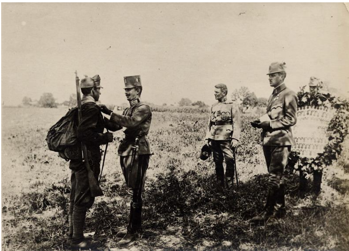
Karel na frontě vyznamenává vojáky – neznámá datace
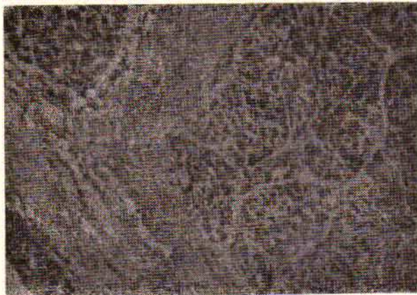
شکل شماره ۶- ط . ب . سیروز پست نکروتیک با هپاتوبلاستوم دو توده نومورال که توسط نسج هم بندی کلاژنی ضخیم از هم جدا شده‌اند .

ضایعات کلیوی شامل يك مورد سندرم نفروتیک با ضایعات اندک با سیر سه ساله و يك مورد گلو مریولوپاتی مامبرانو پریولیفرا تیف
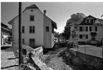
6 Ehem. Schmiede
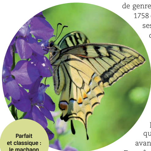
Parfait et classique : le machaon

de genre créé par Carl von Linné en 1758 et qui regroupe de nombreuses espèces joliment ornées – dont la plus connue est le machaon ( Papilio machaon ). Le verbe papillonner (« voltiger ou passer d'un objet ou d'une personne à une autre ») se réfère bien à l'étymologie du mot « papillon », d'où l'expression (récente) : « minute papillon », demandant à quelqu'un un instant de pose avant d'obtempérer.
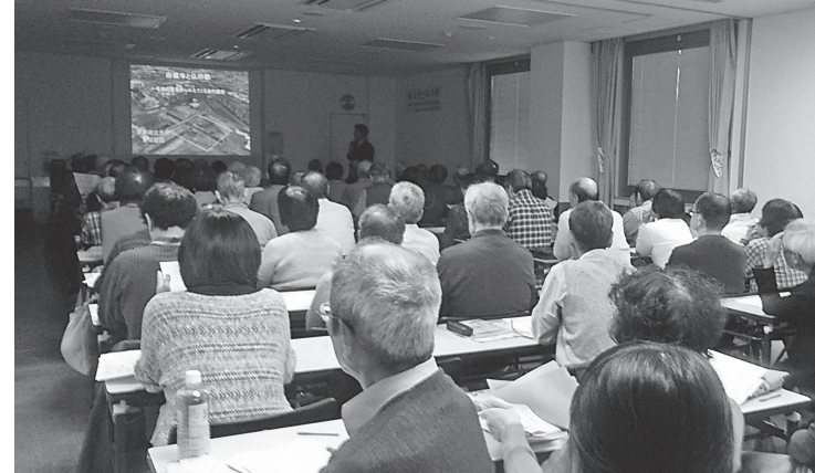
熱心に聞き入る歴史愛好家たち

なつかしい写真 昭和33年7月ごろ 撮影場所 国鉄天王寺駅構内にて(天王寺駅構内がまだありません) 今年も秋がないような感じで相当に体調不良を起こしている方が多く、私もその1人に入ります。特徴としては、眼のかゆみやくしゃみやだるさというアレルギー症状です。さて、今回は、大阪環状線の市電が全面廃止されたので、それ以前の城東線時代の写真とします。なつかしの大阪環状線(城東線時代)のもの。大阪環状線は、昭和36年4月に全線が一周できるように開通。それまでは、城東線・西成線と呼ばれていた。この電車は、戦前に製造されたもので電車の色は、こげ茶色でありました。当時、国鉄では戦前の鉄道省からの決まりで黒色・こげ茶色・緑色などでありました。これは、戦争になるとわかりづらいうえと決めていたと考えられます。現在のようにカラフルな色になったのは、昭和30年以降の高度成長期からです。
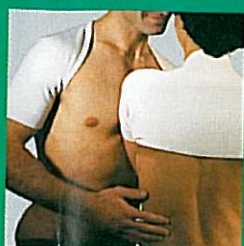
EPAULCHAUD® thermique GIBAUD®
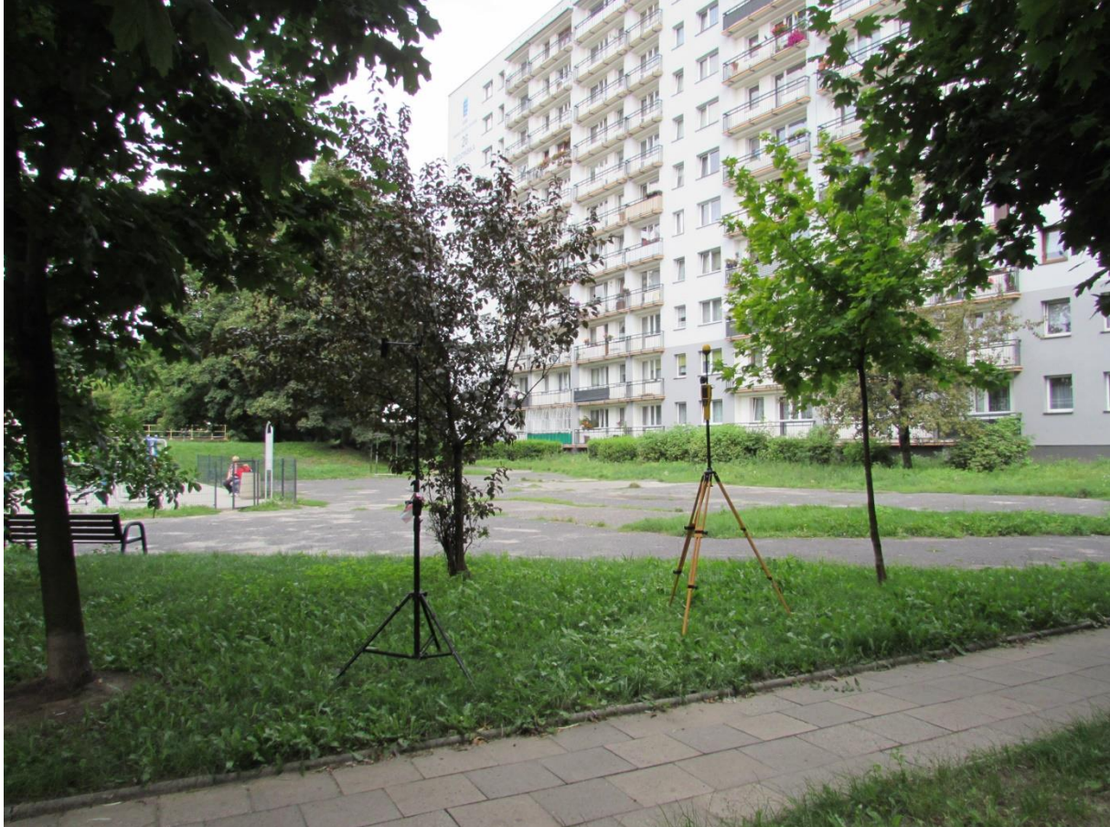
Fot. 1 Rejon badań, widok w kierunku północno – zachodnim (NW)
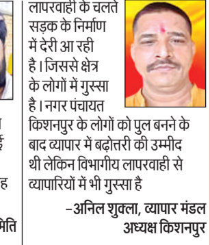
लापरवाही के चलते सड़क के निर्माण में देरी आ रही है। जिससे क्षेत्र के लोगों में गुस्सा है। नगर पंचायत किशनपुर के लोगों को पुल बनने के बाद व्यापार में बढ़ोतरी की उम्मीद थी लेकिन विभागीय लापरवाही से व्यापारियों में भी गुस्सा है

करीब छह माह पहले पुल का निर्माण कार्य पूरा हो चुका है लेकिन पीडब्ल्यूडी विभाग की तरफ से कार्य में लापरवाही बरती जा रही है। जिसका खामियाजा आम लोगों को झेलना पड़ रहा है। सड़क पर महीने भर पहले गिट्टी बिछाई गई थी लेकिन तब से काम ठप है। सड़क पर अभी भी गिट्टी पुराई का कार्य कई जगह शेष है। -धर्मद दीक्षित, अध्यक्ष सड़क संघर्ष समिति
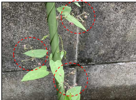
コカモメヅルの開花状況(R3.9.4)
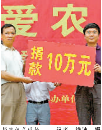
捐款仪式现场
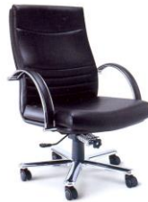
EX-8 650 x 780 x 1000 มม.
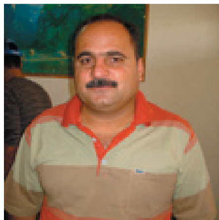
خه سرۆ قه ساب
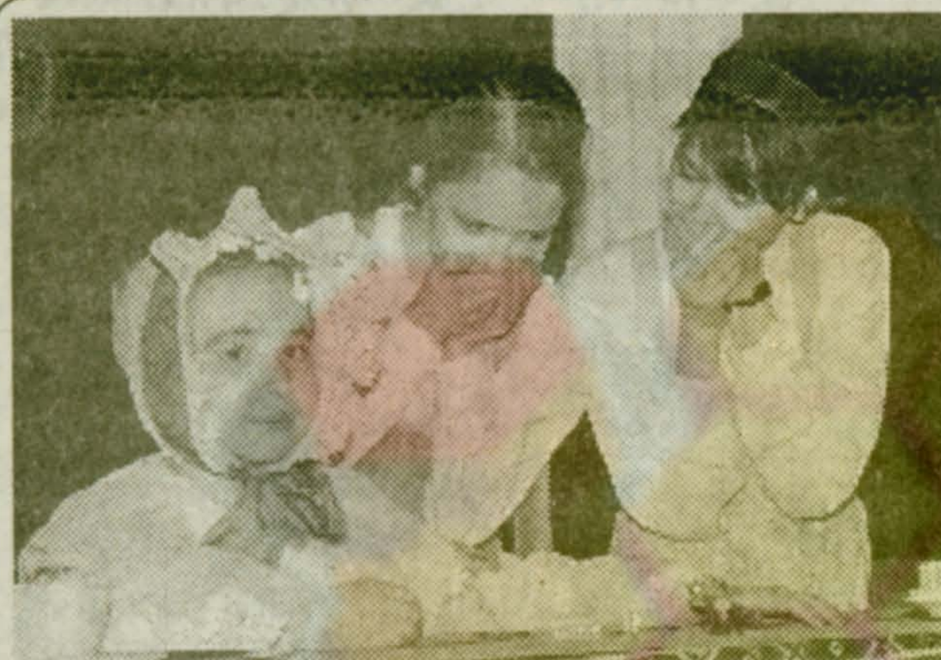
Окончание. Начало на 1 стр.

■ ОТ РЕДАКЦИИ. Это письмо направлено депутату Государственной Думы Федерального Собрания Российской Федерации от Люберецкого округа № 107, нашему земляку С.Б. Попову. Его ответ на это письмо будет опубликован в газете "Наше Красково".
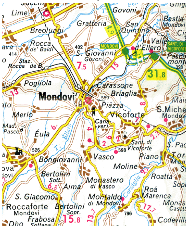
La mappa del tracciato

Oltrepassata la stazione di Mondovì Breo, oggi ristrutturata ed ospitante alcune attività commerciali, il binario passa immediatamente sotto un cavalcavia, imbocca altre tre brevi gallerie (fra la prima e la seconda passa sotto
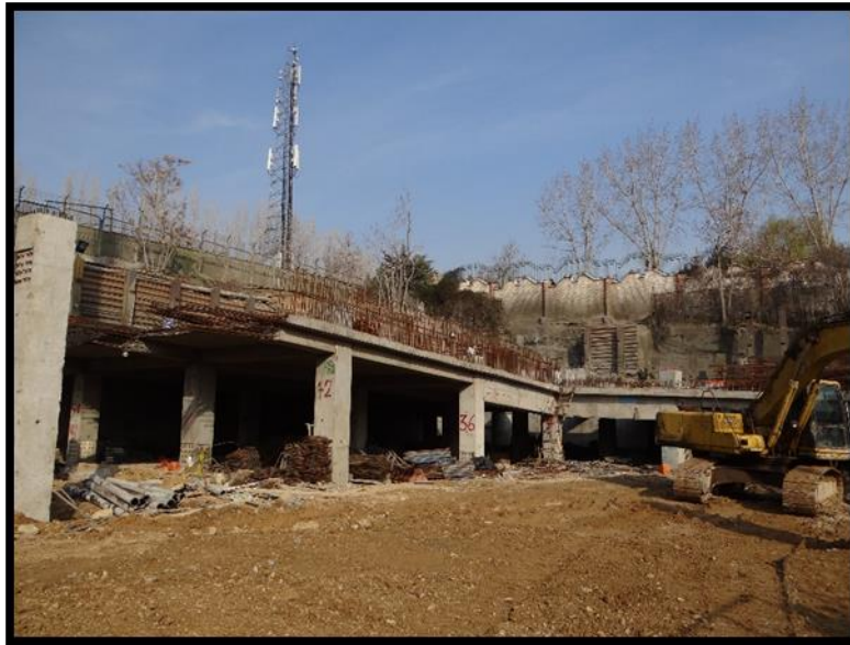
سقف بتن ریزی شده طبقه اول
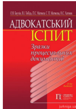
Адвокатський іспит: зразки процесуальних документів
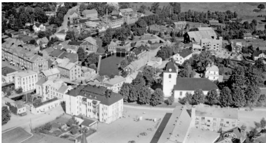
1946. Flygbild från söder. Det nya torget och bebyggelsen kring detta syns nu söder om kyrkan. Torget stod klart 1945.
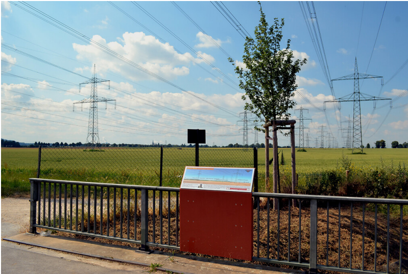
Erzählstation "Panorama Lövenich" am Kölner Randkanal (2014)
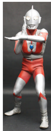
*監修中のため実際の商品と異なる場合があります
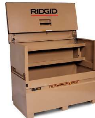
Контейнеры RIDGID для профессионального инструмента
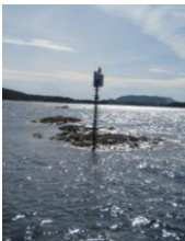
Et rødt sømærke

Denne sommer var vi igen heldige, for den uge i juni vi var i Florø, skinnede solen hele tiden og flot vand at sejle på, så det blev nok den mest solrige sejltur vi havde i 2007.

## What to work on
Among the lines above, the one with "करीब छह माह" opens the part to repeat and the one with "Et rødt sømærke" closes it; repeat only that part exactly, with no pictures.

## The completed task
करीब छह माह पहले पुल का निर्माण कार्य पूरा हो चुका है लेकिन पीडब्ल्यूडी विभाग की तरफ से कार्य में लापरवाही बरती जा रही है। जिसका खामियाजा आम लोगों को झेलना पड़ रहा है। सड़क पर महीने भर पहले गिट्टी बिछाई गई थी लेकिन तब से काम ठप है। सड़क पर अभी भी गिट्टी पुराई का कार्य कई जगह शेष है। -धर्मद दीक्षित, अध्यक्ष सड़क संघर्ष समिति
コカモメヅルの開花状況(R3.9.4)
捐款仪式现场
EX-8 650 x 780 x 1000 มม.
خه سرۆ قه ساب
Окончание. Начало на 1 стр.

■ ОТ РЕДАКЦИИ. Это письмо направлено депутату Государственной Думы Федерального Собрания Российской Федерации от Люберецкого округа № 107, нашему земляку С.Б. Попову. Его ответ на это письмо будет опубликован в газете "Наше Красково".
La mappa del tracciato

Oltrepassata la stazione di Mondovì Breo, oggi ristrutturata ed ospitante alcune attività commerciali, il binario passa immediatamente sotto un cavalcavia, imbocca altre tre brevi gallerie (fra la prima e la seconda passa sotto
سقف بتن ریزی شده طبقه اول
Адвокатський іспит: зразки процесуальних документів
1946. Flygbild från söder. Det nya torget och bebyggelsen kring detta syns nu söder om kyrkan. Torget stod klart 1945.
Erzählstation "Panorama Lövenich" am Kölner Randkanal (2014)
*監修中のため実際の商品と異なる場合があります
Контейнеры RIDGID для профессионального инструмента
Et rødt sømærke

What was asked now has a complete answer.